To compare population-based perioperative outcomes and costs of ORC and RARC.
A retrospective observational cohort study using the US Nationwide Inpatient Sample to characterize 2009 RARC compared with ORC use and outcomes.
Propensity score methods were used to compare inpatient morbidity and mortality, lengths of stay, and costs.
We identified 1444 ORCs and 224 RARCs. Women were less likely to undergo RARC than ORC (9.8% compared with 15.5%, p=0.048), and 95.7% of RARCs and 73.9% of ORCs were performed at teaching hospitals (p<0.001). In adjusted analyses, subjects undergoing RARC compared with ORC experienced fewer inpatient complications (49.1% and 63.8%, p=0.035) and fewer deaths (0% and 2.5%, p<0.001).

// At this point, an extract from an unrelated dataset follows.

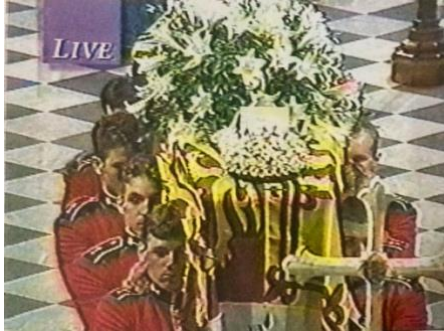
01. Lutz Bacher, Untitled (Diana) , 1997.jpg

For all press enquiries, and high resolution images, contact Sam Talbot e: sam@sam-talbot.com t: 07725184630

RARC compared with ORC was associated with lower parenteral nutrition use (6.4% and 13.3%, p=0.046); however, there was no difference in length of stay. RARC compared with ORC was $3797 more costly (p=0.023). Limitations include retrospective design, absence of tumor characteristics, and lack of outcomes beyond hospital discharge.
RARC is associated with lower parenteral nutrition use and fewer inpatient complications and deaths. However, lengths of stay are similar, and the robotic approach is significantly more costly.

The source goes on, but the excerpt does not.